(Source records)
────
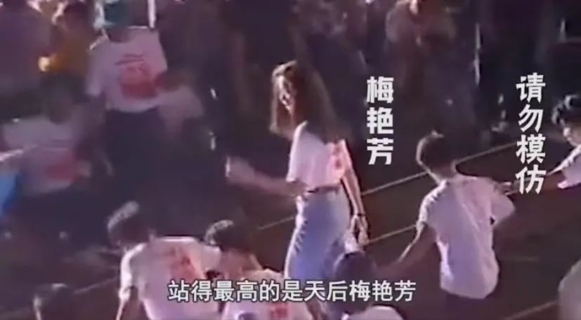 成龍、劉德華等幾十個演員搭成一道人牆,作為人牆中唯一的女性,梅豔芳主動站在人牆的最高點。
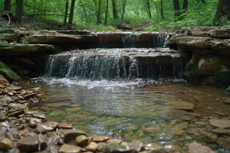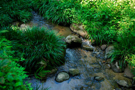 tropical river landscape, exotic nature scenery, peaceful brook, forest background
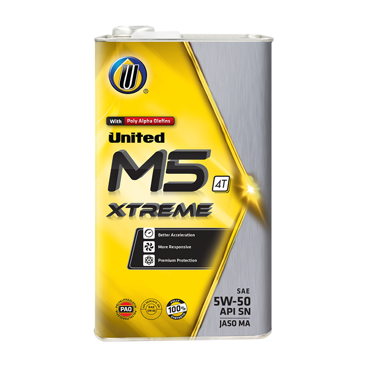 United M5 Xtreme là loại dầu nhờn tổng hợp toàn phần thế hệ mới mang đến sự phát triện mới nhất trong công nghệ dầu bôi trơn nhằm tối đa hóa khả năng bảo vệ cho thế hệ động cơ mới nhất. Được cũng cố bằng gói phụ gia mạnh mẽ kết hợp thanh phần dầu gốc Polyalphaolefins (PAO), dầu này đáp ứng mức hiệu năng API SN cao nhất và vượt hơn hầu hết các yêu cầu khắt khe liên quan kiểm soát khí thải động cơ hiện đại cũng như mức tiêu hao nhiên liệu. Trong kỷ nguyên ý thức về năng lượng ngày nay, dầu xe máy 4 thì United M5 Xtreme cũng được tạo ra nhằm cải thiện hiệu năng nhiên liệu bằng việc tiết kiệm chi phí nhiên liệu cho người sử dụng.
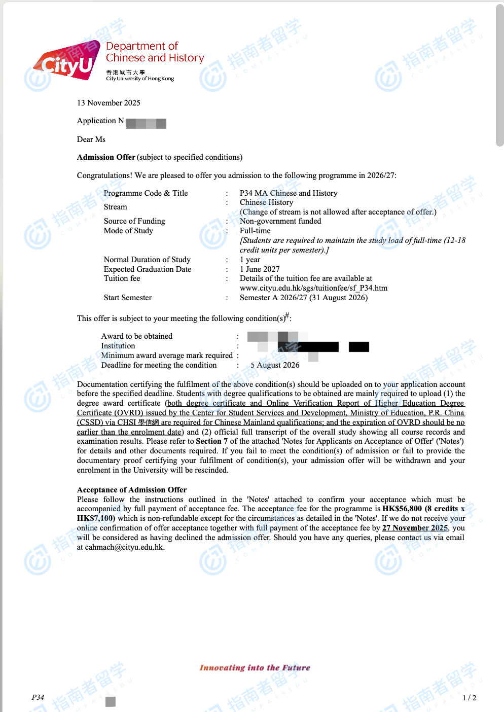 香港城市大学中国语言文学与历史文学硕士研究生offer一枚
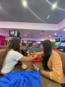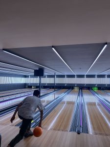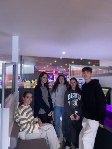 Tuvimos el privilegio de terminar las clases 15 minutos antes para poder coger el bus con tiempo e ir a la bolera 🎳. Llegamos al Tenpin, una sala de recreativos, laser tag, escape rooms y con hasta 20 pistas de bowling 😱. Nos dividimos en 4 grupos y jugamos 2 partidas, ya que solo con una se nos hacía muy corto y alguno necesitaba revancha jajaja. Al terminar, algunos decidieron almorzar/merendar pizzas, hamburguesas y patatas 🍕🍟🍔.
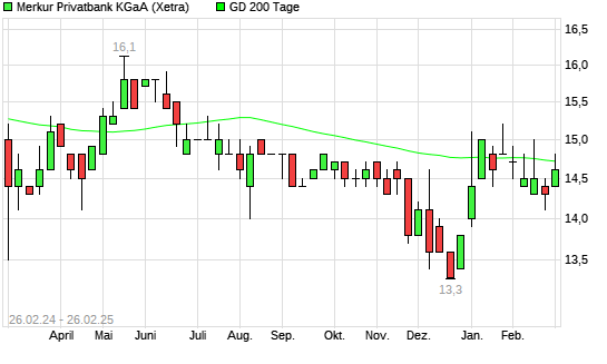 Mit dem Anstieg auf 14,60 EUR hat die Merkur Bank-Aktie am 25.02.2025 die 200-Tage-Linie nach oben gekreuzt.
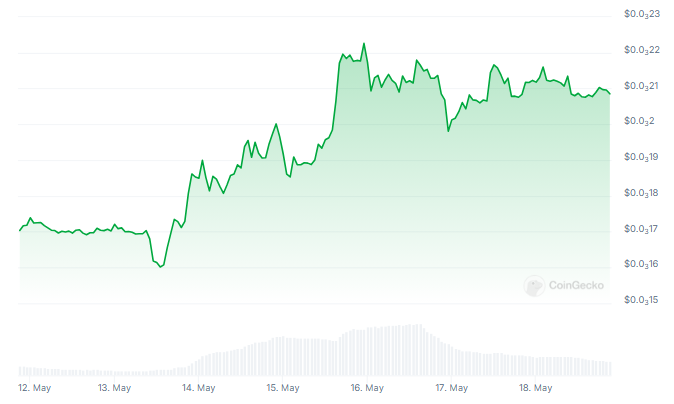 The rising Futures Open Interest for FLOKI is the main indicator inspiring enthusiasm. Reflecting the amount of existing futures contracts, Coinglass claims that this number has skyrocketed a startling 110% since May 1st, attaining a 30-day high almost $20 million. This implies a flood of fresh market players filling FLOKI slots, maybe expecting more price rises.
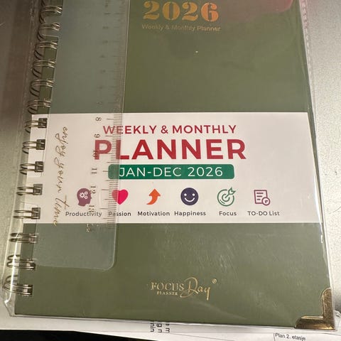 Weekly planner selges da den ikkje blir brukt, dei få sidane som er brukt har blitt revet ut så den er klar for bruk
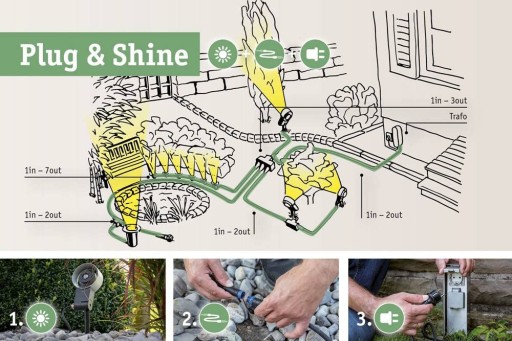 System oświetlenia zewnętrznego Plug & Shine to idealne rozwiązanie oświetleniowe do użytku na zewnątrz, w takich miejscach jak ogrody, tarasy, podjazdy lub inne obszary zewnętrzne.
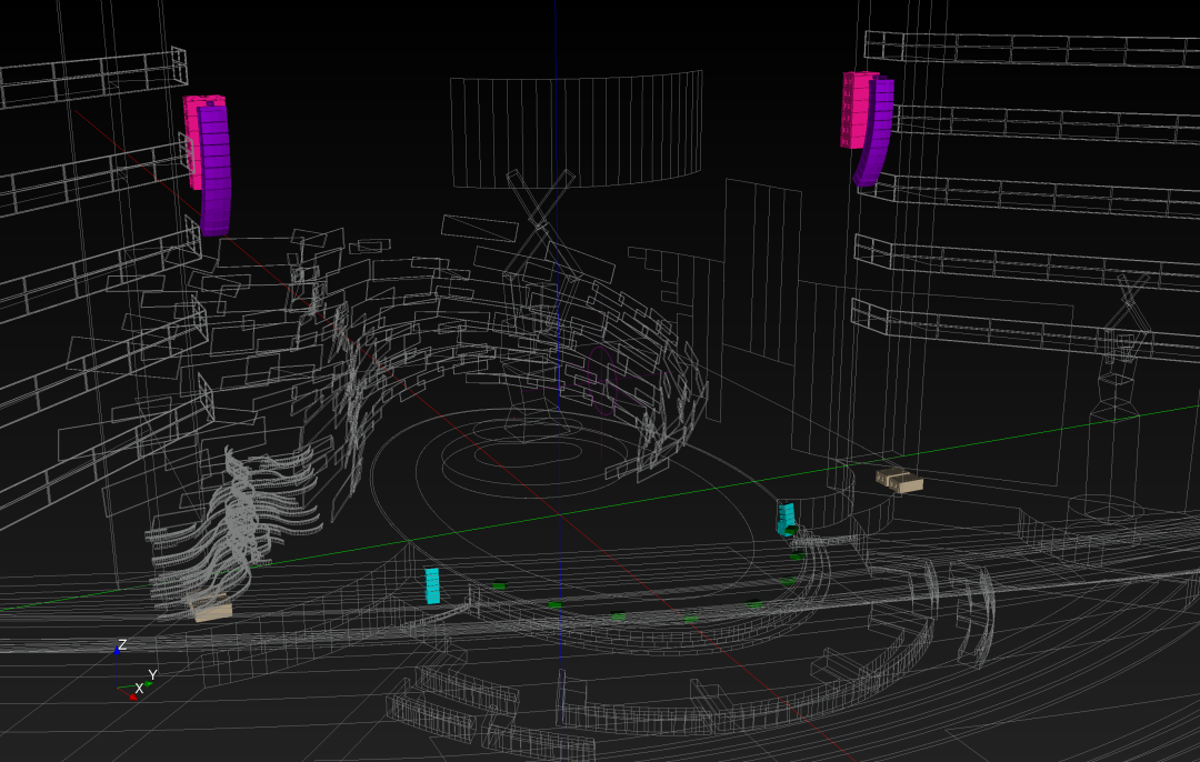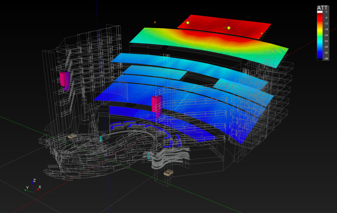 根據(jù)湖南衛(wèi)視七彩盒子的建筑及金鷹節(jié)閉幕式的舞美布局,廣遠(yuǎn)團(tuán)隊(duì)使用MAPP3D軟件對場地進(jìn)行建模,針對閉幕式擴(kuò)聲系統(tǒng)進(jìn)行設(shè)計(jì)。
────
# Task to carry out
Every line above should be printed again word for word, without its pictures.

# Solution for this problem
 成龍、劉德華等幾十個演員搭成一道人牆,作為人牆中唯一的女性,梅豔芳主動站在人牆的最高點。
 tropical river landscape, exotic nature scenery, peaceful brook, forest background
 United M5 Xtreme là loại dầu nhờn tổng hợp toàn phần thế hệ mới mang đến sự phát triện mới nhất trong công nghệ dầu bôi trơn nhằm tối đa hóa khả năng bảo vệ cho thế hệ động cơ mới nhất. Được cũng cố bằng gói phụ gia mạnh mẽ kết hợp thanh phần dầu gốc Polyalphaolefins (PAO), dầu này đáp ứng mức hiệu năng API SN cao nhất và vượt hơn hầu hết các yêu cầu khắt khe liên quan kiểm soát khí thải động cơ hiện đại cũng như mức tiêu hao nhiên liệu. Trong kỷ nguyên ý thức về năng lượng ngày nay, dầu xe máy 4 thì United M5 Xtreme cũng được tạo ra nhằm cải thiện hiệu năng nhiên liệu bằng việc tiết kiệm chi phí nhiên liệu cho người sử dụng.
 香港城市大学中国语言文学与历史文学硕士研究生offer一枚
 Tuvimos el privilegio de terminar las clases 15 minutos antes para poder coger el bus con tiempo e ir a la bolera 🎳. Llegamos al Tenpin, una sala de recreativos, laser tag, escape rooms y con hasta 20 pistas de bowling 😱. Nos dividimos en 4 grupos y jugamos 2 partidas, ya que solo con una se nos hacía muy corto y alguno necesitaba revancha jajaja. Al terminar, algunos decidieron almorzar/merendar pizzas, hamburguesas y patatas 🍕🍟🍔.
 Mit dem Anstieg auf 14,60 EUR hat die Merkur Bank-Aktie am 25.02.2025 die 200-Tage-Linie nach oben gekreuzt.
 The rising Futures Open Interest for FLOKI is the main indicator inspiring enthusiasm. Reflecting the amount of existing futures contracts, Coinglass claims that this number has skyrocketed a startling 110% since May 1st, attaining a 30-day high almost $20 million. This implies a flood of fresh market players filling FLOKI slots, maybe expecting more price rises.
 Weekly planner selges da den ikkje blir brukt, dei få sidane som er brukt har blitt revet ut så den er klar for bruk
 System oświetlenia zewnętrznego Plug & Shine to idealne rozwiązanie oświetleniowe do użytku na zewnątrz, w takich miejscach jak ogrody, tarasy, podjazdy lub inne obszary zewnętrzne.
 根據(jù)湖南衛(wèi)視七彩盒子的建筑及金鷹節(jié)閉幕式的舞美布局,廣遠(yuǎn)團(tuán)隊(duì)使用MAPP3D軟件對場地進(jìn)行建模,針對閉幕式擴(kuò)聲系統(tǒng)進(jìn)行設(shè)計(jì)。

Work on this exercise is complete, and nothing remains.